How Ancient Festivals Could Shape the Future of Agrobiodiversity Conservation
Source PublicationSpringer Science and Business Media LLC
Primary AuthorsRoul, Punia

Finding effective ways to protect local crop varieties remains a complex challenge. New early-stage research suggests that ancient cultural festivals could break this bottleneck, acting as highly efficient, community-led environmental governance systems.
Note: This article is based on a preprint. The research has not yet been peer-reviewed and results should be interpreted as preliminary.
For decades, the global push for agrobiodiversity conservation has struggled to find models that resist the pressures of industrial farming. This early-stage research points to an alternative approach hiding in plain sight.

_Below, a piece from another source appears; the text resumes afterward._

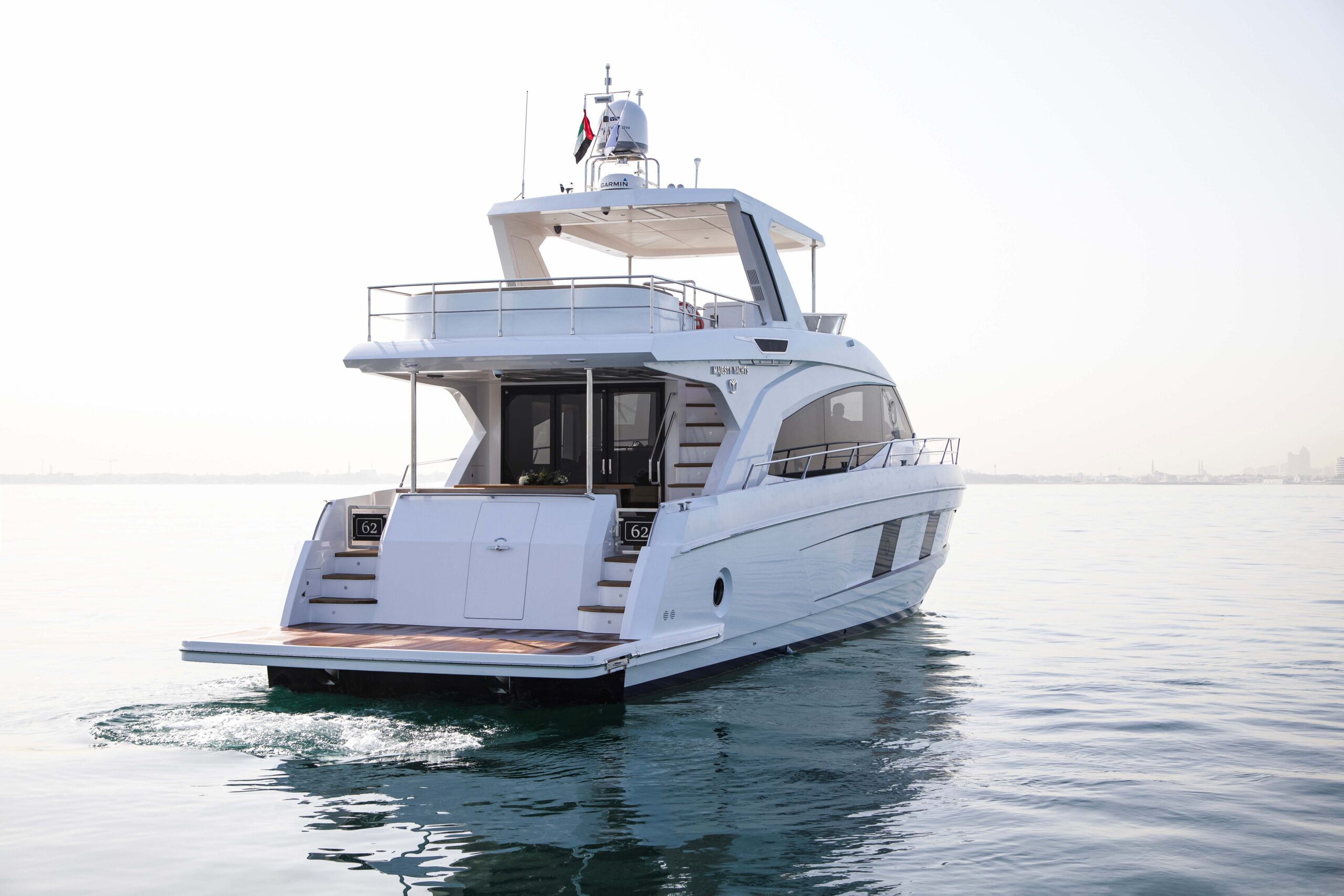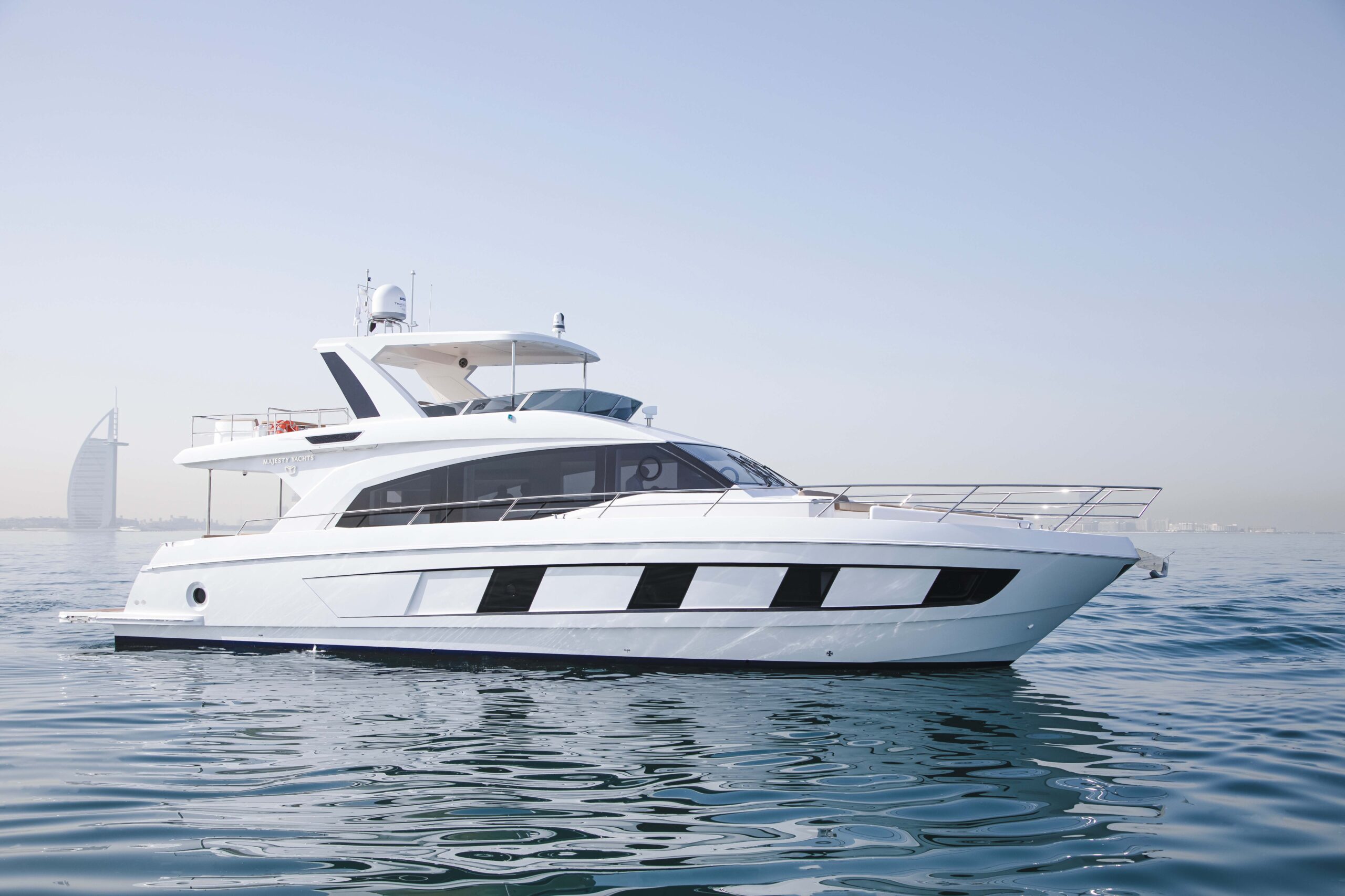 Featuring a distinctively sleek profile, the 18.80 meter Majesty 62 provides amazing indoor living and entertainment spaces with 4 bedrooms, 3 bathrooms and separate accommodation for the crew. The semi-covered fly-bridge is designed for maximum outdoor space making this the perfect choice for leisure cruising with family and friends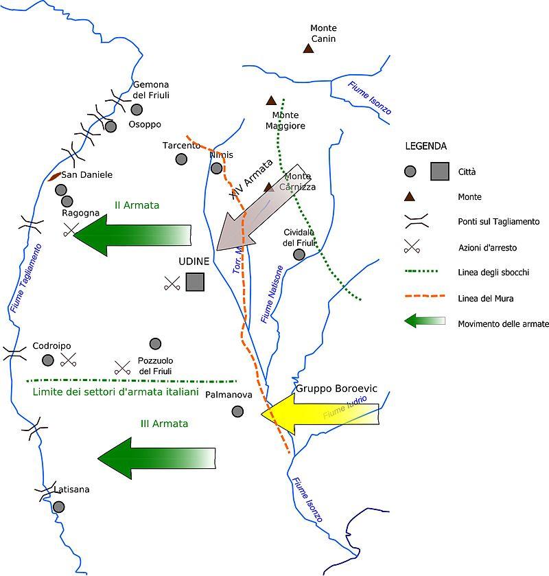 此时意大利的情况也极为糟糕,当年8月教皇已发出和平倡议、国内的反爱国和平主义者因为前线极高的阵亡数而不断宣传反战言论,但陆军屏蔽了所有的国内外新闻,士兵不允许回家探亲。再一次令奥地利人感到心寒的是,意大利总参谋部又一次通过捷克叛徒得知了德奥联军进攻的消息,好在卡多尔纳无从得知同盟国主攻方向、其部下第二集团军司令卡佩罗也未按照总参谋长的命令调整到更适合防守的阵型——前者始终执着于进攻,让德奥第14集团军有个大空子可以钻。

The Challenge of Agrobiodiversity Conservation
Maintaining a wide variety of resilient crops is a top priority for sustainable agriculture. However, standard policies frequently clash with local traditions and immediate market demands.
Researchers looked at Odisha, India, where indigenous communities face intense pressure to adopt uniform, high-yield seeds. Yet, certain local crops and artisanal resources continue to thrive despite these neoliberal market pressures.
Measuring the Impact of Ritual Cycles
The study analysed three specific ritual cycles in Odisha between 2018 and 2023. While these findings are currently specific to this regional context, researchers measured how these festivals function as appropriation rules for managing common resources.
They observed that these events operate as informal institutions regulating access to seeds and natural materials. The data showed three distinct functions:
- Burlang Yatra facilitates millet seed exchange networks based on strict reciprocity.
- Thakurani Yatra enforces quality control within handloom and sericulture supply chains.
- Bali Yatra acts as a commemorative practice to preserve maritime ecological knowledge.
The researchers also recorded structural limitations within these systems. Their analysis noted distinct gender power imbalances and caste-based exclusions that dictate who actually benefits from these arrangements.
Designing the Future of Food Security
What does this mean for the next decade of agricultural planning? Policymakers could begin to shift their strategies away from imposing external conservation frameworks.
Instead, governments might support existing cultural architectures to maintain ecological balance. By formally recognising festivals as resource management hubs, conservationists could protect endangered crop varieties more effectively.
Over the next five to ten years, this approach could alter how agricultural sustainability is implemented. Investments and support might flow directly into strengthening these community-led exchange networks.
Furthermore, this model offers a decentralised way to understand human-environment interactions. As farmers bring different seed varieties to these seasonal events, researchers can observe how indigenous communities maintain agrobiodiversity under agricultural modernisation.
Integrating cultural performance into environmental governance suggests a highly practical method to counter agricultural uniformity. Moving forward, these informal institutions could provide the resilience required to keep local food systems secure.